Preferred slot from a relative constraint was occupied. Fallback to next free slot.

hint.deferred.relativeConstraint

Anchor element wasn’t yet placed when the constraint was evaluated.

engine.performance.large_graph

Graph exceeds the engine’s recommended max (maxRecommendedNodes). Suggest a different engine.

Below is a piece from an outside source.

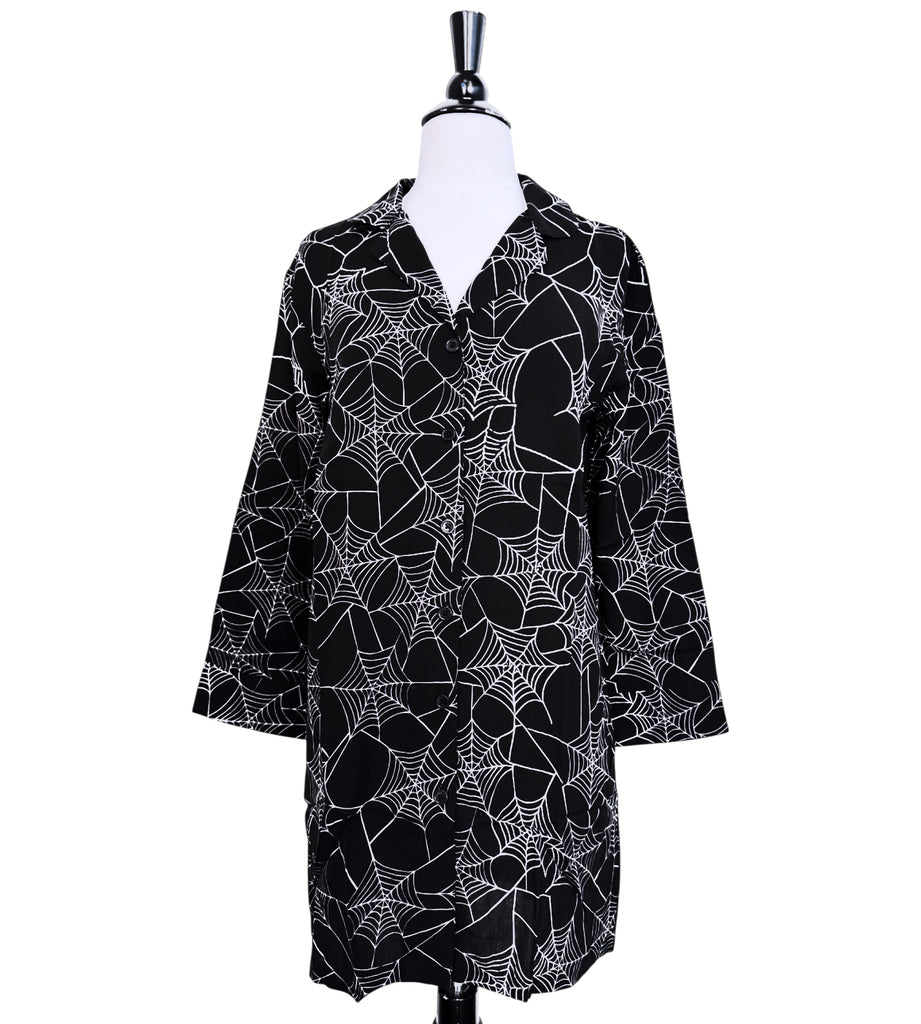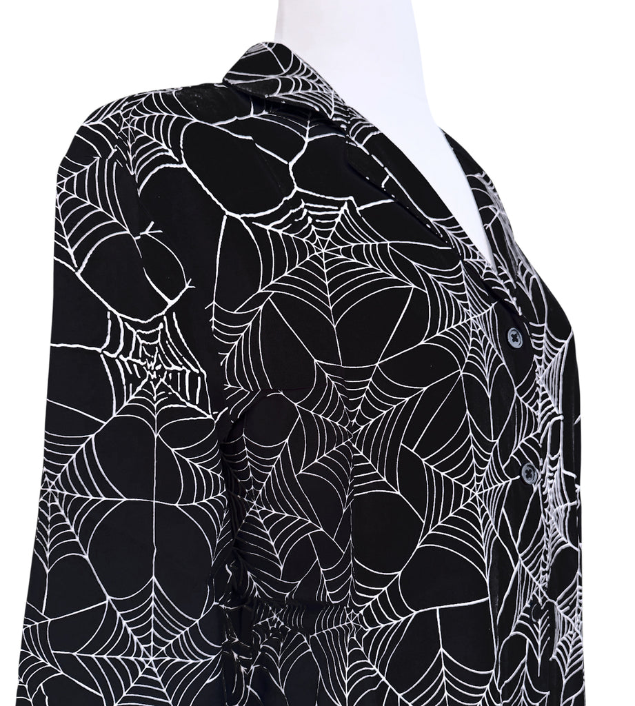 Spiderweb Button Down Pajama Dress - Sizes S-3X

The CLI prints warnings after a render so you can iterate on hints without staring at SVG diffs.

Edge routing

Four edge styles, all engines support all four:

Style Behaviour

Direct

Straight line between source and target.

OrthogonalRounded (default)

Horizontal-vertical-horizontal (or vertical-horizontal-vertical) route with rounded corners.

TreeRounded

V-shape route with top-down bias — looks tidy for hierarchies. V1.1.12 falls back to OrthogonalRounded; V1.2 adds tree-aware routing proper.

Bezier

Cubic Bezier with two control points offset perpendicular to the direct line.

Set per edge:

association(source = a, target = b) {
    routeStyle = EdgeRouteStyle.Direct
}

Or globally for a diagram:

classDiagram(name = "X") {
    layoutHints {
        defaultEdgeStyle = EdgeRouteStyle.Bezier
    }
    // ...
}

Performance characteristics

Size elk.layered kuml.grid

≤ 100 nodes

< 100 ms

< 10 ms

≤ 500 nodes

< 1 s

< 100 ms

> 500 nodes

Still works, may be slow

Emits engine.performance.large_graph warning; suggests ELK

The grid engine is deterministic — same input + same seed = byte-identical layout. ELK is also seeded but has more internal randomness in its heuristics; outputs are stable but small floating-point differences may appear across JVM versions.

Authoring your own engine

Implement KumlLayoutEngine (pure Kotlin recommended for native-image compatibility), then provide a KumlLayoutEngineProvider:

class CircularLayoutEngine : KumlLayoutEngine {
    override val id = LayoutEngineId("circular")
    override val capabilities = LayoutCapabilities(
        deterministic = true,
        supportedDiagramKinds = setOf(DiagramKind.UmlClass, DiagramKind.Generic),
        // ...
    )
    override fun layout(graph: LayoutGraph, hints: LayoutHints): LayoutResult {
        // ... place nodes on a circle, route edges, return LayoutResult
    }
}

class CircularLayoutEngineProvider : KumlLayoutEngineProvider {
    override val id = LayoutEngineId("circular")
    override fun engine() = CircularLayoutEngine()
}

Register via META-INF/services/dev.kuml.layout.KumlLayoutEngineProvider:

com.example.CircularLayoutEngineProvider

LayoutEngineRegistry.loadFromClasspath() discovers it. CLI flag --engine circular selects it.